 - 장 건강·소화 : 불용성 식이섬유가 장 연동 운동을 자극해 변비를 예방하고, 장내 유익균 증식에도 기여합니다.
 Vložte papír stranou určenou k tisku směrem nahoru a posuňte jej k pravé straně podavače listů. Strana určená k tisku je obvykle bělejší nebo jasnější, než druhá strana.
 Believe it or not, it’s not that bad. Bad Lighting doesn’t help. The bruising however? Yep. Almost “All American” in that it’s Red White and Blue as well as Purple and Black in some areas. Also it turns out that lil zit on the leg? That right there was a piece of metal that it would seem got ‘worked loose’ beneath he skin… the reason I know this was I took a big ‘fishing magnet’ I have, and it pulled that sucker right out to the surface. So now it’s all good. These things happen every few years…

+--

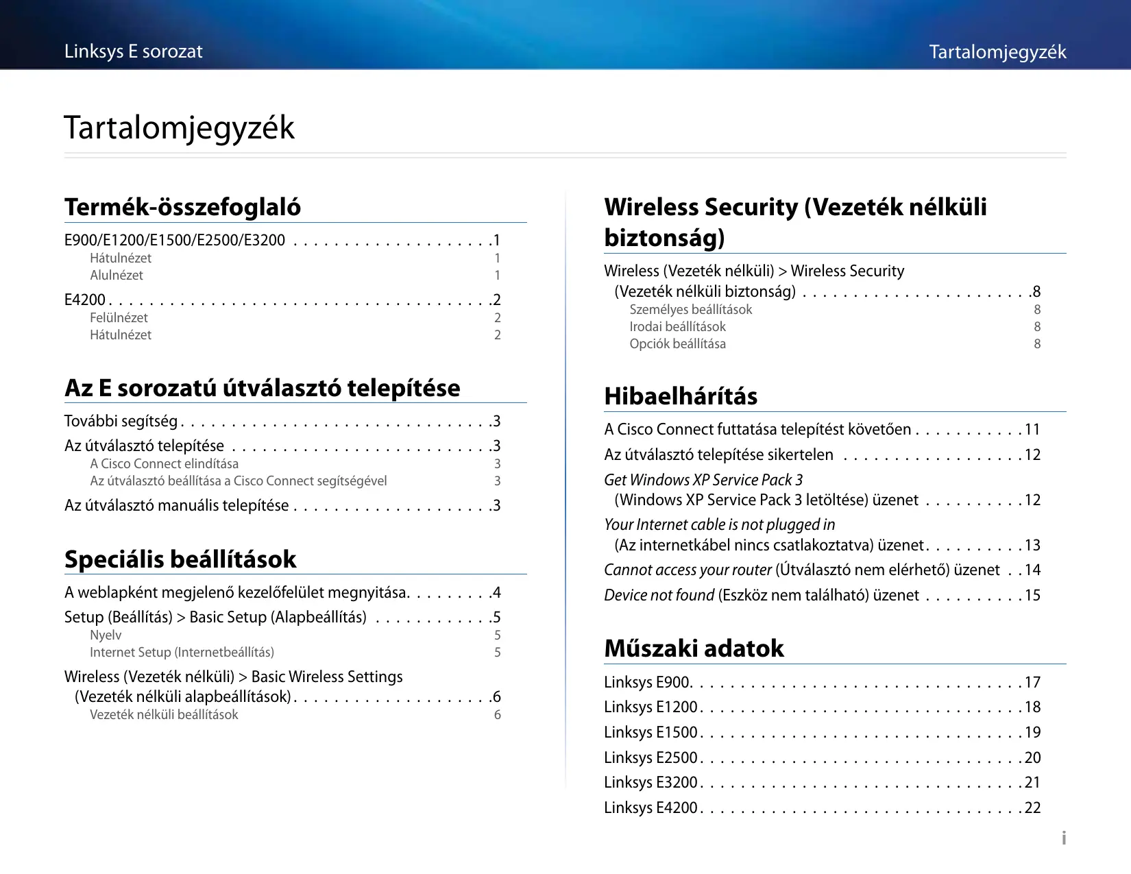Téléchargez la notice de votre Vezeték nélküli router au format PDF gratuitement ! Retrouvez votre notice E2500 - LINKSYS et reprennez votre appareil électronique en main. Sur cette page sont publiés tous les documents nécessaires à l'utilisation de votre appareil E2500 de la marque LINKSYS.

+--

» Requirement
Produce a word-for-word copy of everything above from the line holding "- 장 건강·소화 : 불용성" down to the line holding "Believe it or", with both of those lines kept.

» Response area
 - 장 건강·소화 : 불용성 식이섬유가 장 연동 운동을 자극해 변비를 예방하고, 장내 유익균 증식에도 기여합니다.
 Vložte papír stranou určenou k tisku směrem nahoru a posuňte jej k pravé straně podavače listů. Strana určená k tisku je obvykle bělejší nebo jasnější, než druhá strana.
 Believe it or not, it’s not that bad. Bad Lighting doesn’t help. The bruising however? Yep. Almost “All American” in that it’s Red White and Blue as well as Purple and Black in some areas. Also it turns out that lil zit on the leg? That right there was a piece of metal that it would seem got ‘worked loose’ beneath he skin… the reason I know this was I took a big ‘fishing magnet’ I have, and it pulled that sucker right out to the surface. So now it’s all good. These things happen every few years…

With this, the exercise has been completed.